Russian President Vladimir Putin has renewed his call for a political solution to the war in Syria, during a rare visit by the Syrian leader.

Mr Putin told Bashar al-Assad the military campaign was “wrapping up”, but there was still “a long way to go”.

A two-year Russian air campaign has given Syria a clear upper hand in the civil war, which began in 2011.

The meeting comes ahead of talks between Syria’s allies Russia and Iran, and Turkey, which backs the rebels.

The three powers have increasingly co-operated in recent months to set up a series of so-called de-escalation zones aimed at calming fighting across Syria.

Speaking to Russian television after the meeting on Monday evening, Mr Putin said he intended to talk with US President Donald Trump and the Emir of Qatar about a resolution to the conflict.

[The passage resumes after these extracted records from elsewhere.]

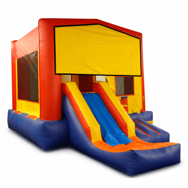 This Module Front Slide With Window bounce house for rent offers a inflatable slide, with the difference here is that the slide is mounted to the front of the bouncer to keep on eye to the kids. This amazing bounce house combo with slide have bright colors of red, yellow and blue. The bounce house portion features a peaked roof and mesh-covered windows, while the slide has high inflatable sides and a generous landing area.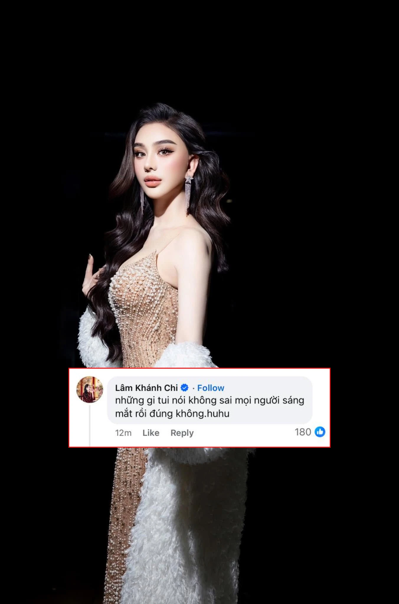 Theo đó, Lâm Khánh Chi đã chia sẻ lại thông tin vụ việc về trang cá nhân và dưới bài viết đã để lại 1 câu: "Ch** tui quá trời, giờ mọi người sáng mắt chưa". Trước đó, trong một bài đăng trên mạng xã hội, Lâm Khánh Chi cũng có thái độ gắt với bình luận: "Những gì tui nói không sai, mọi người sáng mắt rồi đúng không".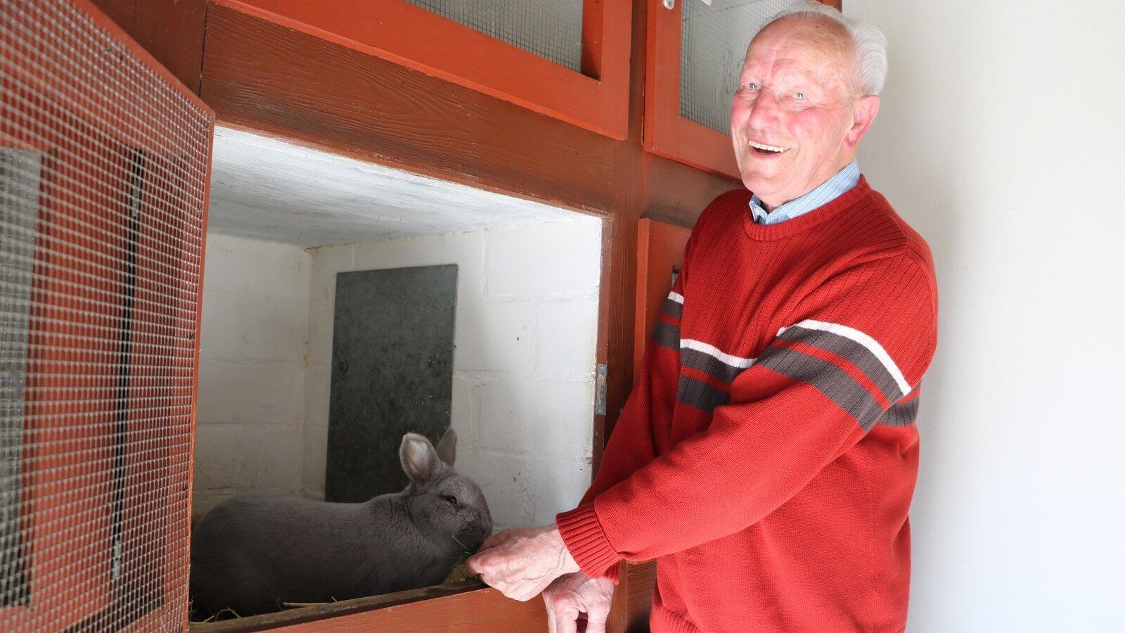 Kaninchenfreund durch und durch: Franz Hacker mit dem Marburger Feh "Tommy" - der Rasse, der sich der 83-Jährige verschrieben hat.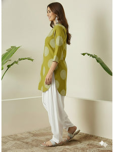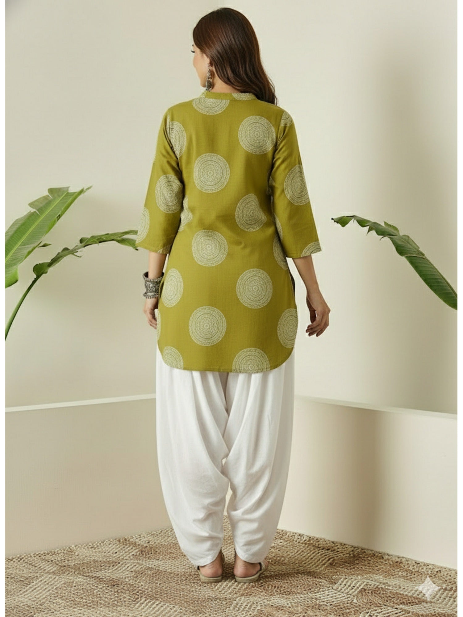 Olive circle print kurta paired with white salwar, designed with a classic silhouette and comfortable fabric, perfect for everyday ethnic wear and festive gatherings.

“We still have a long way to go before we achieve a complete victory over terrorists,” Mr Putin said at the meeting in Sochi. “But as far as our joint work in fighting terrorism on the territory of Syria is concerned, this military operation is indeed wrapping up.”

The Syrian and Russian leaders have long characterised the rebels as terrorists.

  • Why is there a war in Syria?
  • How much of Syria has Russia recaptured?

Mr Assad was on Russian soil for four hours, a Kremlin spokesman told the RIA news agency. He last visited Mr Putin in 2015 after Russia launched its military campaign.

Media captionThe BBC witnesses the last stand of IS in Syria

Mr Putin has previously announced his forces had largely achieved their objectives in Syria, but the air campaign has continued since then.

Russian has been accused of killing hundreds of Syrian civilians with its air strikes, something it has denied.

Speaking to Russian state television after the meeting, Mr Assad said: “At this stage, especially after we achieved victory over terrorists, it is in our interests to move forward with the political process.”

The leaders of the US, UK, France, Germany and the EU have all called for Mr Assad to step down since the beginning of the country’s bloody civil conflict, and the issue of Mr Assad’s future has been a stumbling block in previous peace talks.